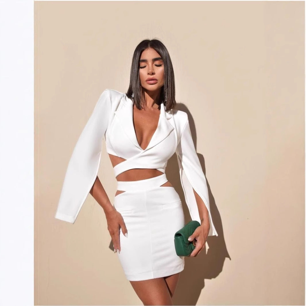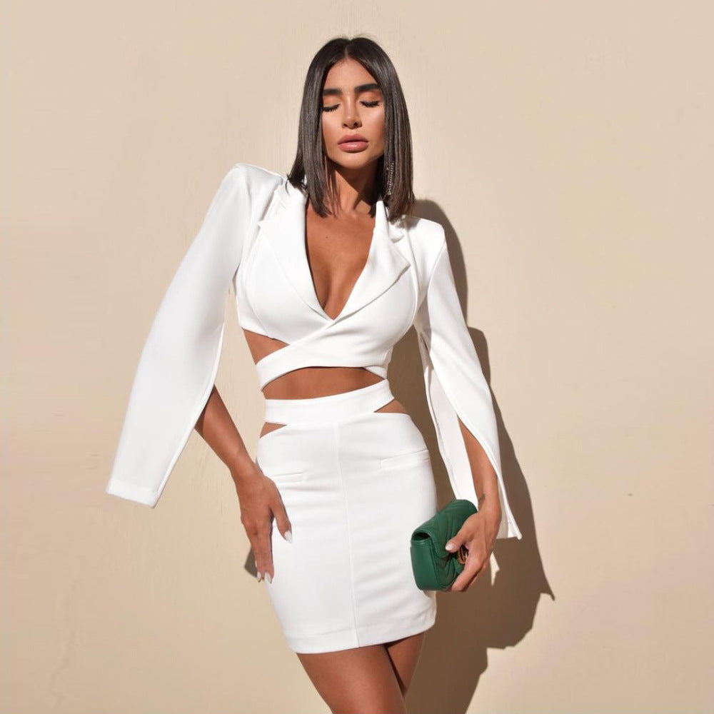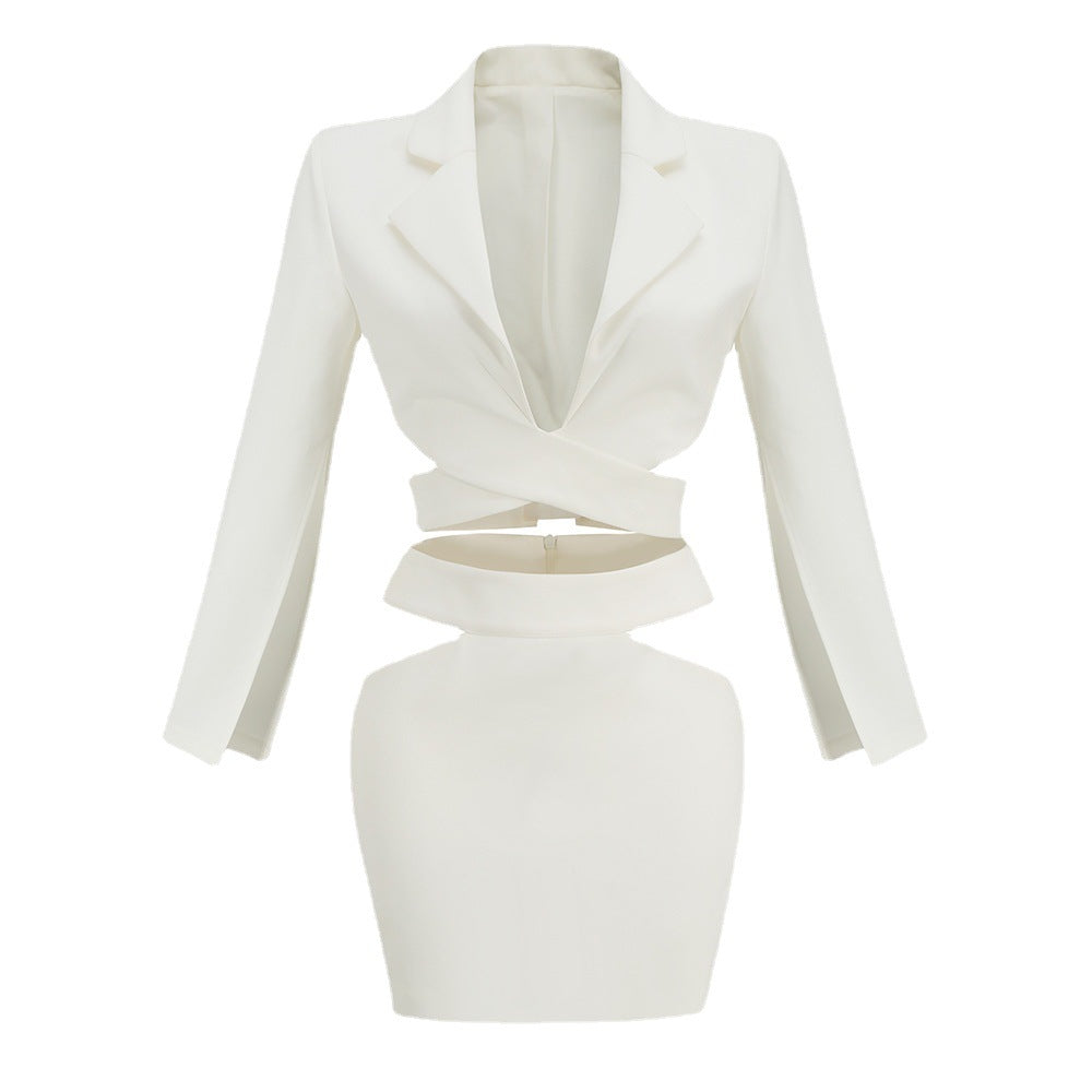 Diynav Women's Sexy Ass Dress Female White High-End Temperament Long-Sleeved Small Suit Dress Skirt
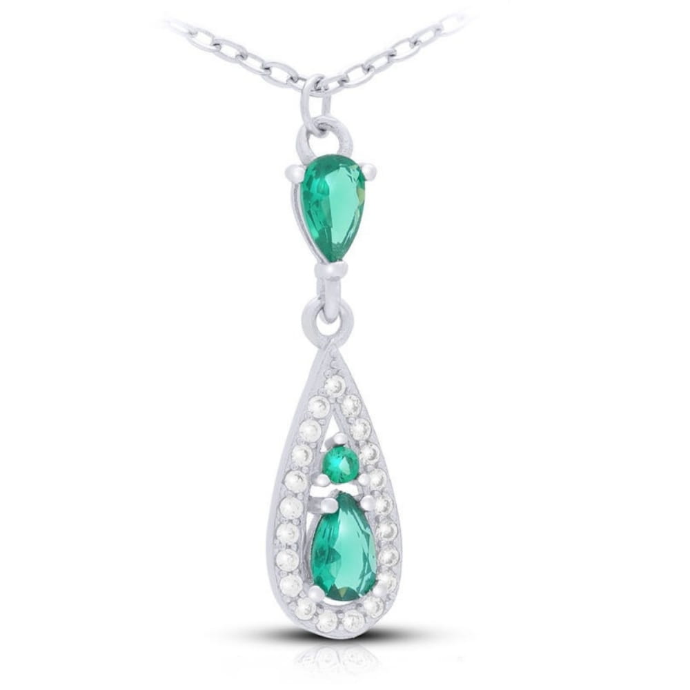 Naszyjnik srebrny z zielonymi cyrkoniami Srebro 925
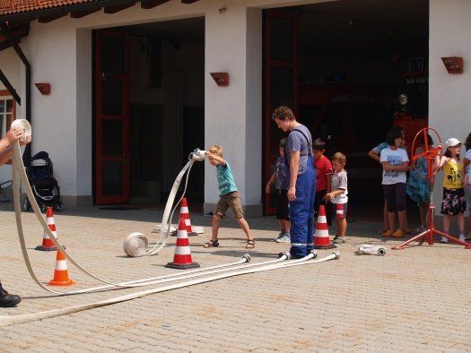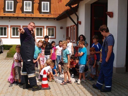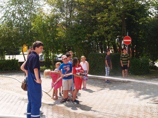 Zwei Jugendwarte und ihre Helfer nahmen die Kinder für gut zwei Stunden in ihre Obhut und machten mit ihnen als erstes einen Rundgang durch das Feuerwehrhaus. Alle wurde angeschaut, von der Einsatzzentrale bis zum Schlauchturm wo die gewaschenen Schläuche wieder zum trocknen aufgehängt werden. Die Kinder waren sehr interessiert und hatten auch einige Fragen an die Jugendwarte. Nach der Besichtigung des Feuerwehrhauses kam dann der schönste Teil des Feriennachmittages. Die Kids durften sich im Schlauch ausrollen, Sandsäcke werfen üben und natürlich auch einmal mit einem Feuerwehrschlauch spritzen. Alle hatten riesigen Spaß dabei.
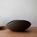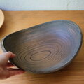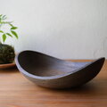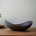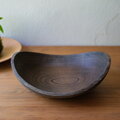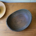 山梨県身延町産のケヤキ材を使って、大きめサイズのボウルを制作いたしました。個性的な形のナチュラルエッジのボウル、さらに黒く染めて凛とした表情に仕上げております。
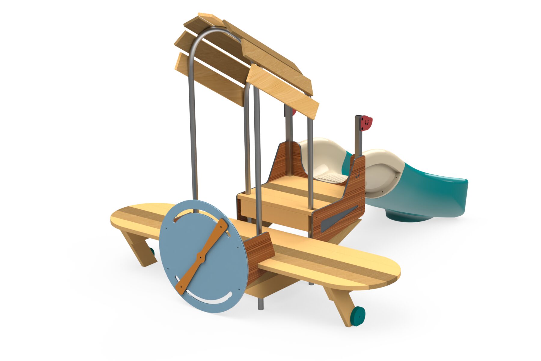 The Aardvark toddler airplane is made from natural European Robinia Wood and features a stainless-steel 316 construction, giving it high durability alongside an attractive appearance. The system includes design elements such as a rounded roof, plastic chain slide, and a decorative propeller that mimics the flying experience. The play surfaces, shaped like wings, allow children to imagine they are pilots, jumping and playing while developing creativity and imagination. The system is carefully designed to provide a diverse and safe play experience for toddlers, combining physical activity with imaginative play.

______________________________

Activity -> Each line from the beginning of the entries up to and including the one containing "Naszyjnik srebrny z" must be restated exactly. Pictures are to be left out.

Written answer ->
 Diynav Women's Sexy Ass Dress Female White High-End Temperament Long-Sleeved Small Suit Dress Skirt
 Naszyjnik srebrny z zielonymi cyrkoniami Srebro 925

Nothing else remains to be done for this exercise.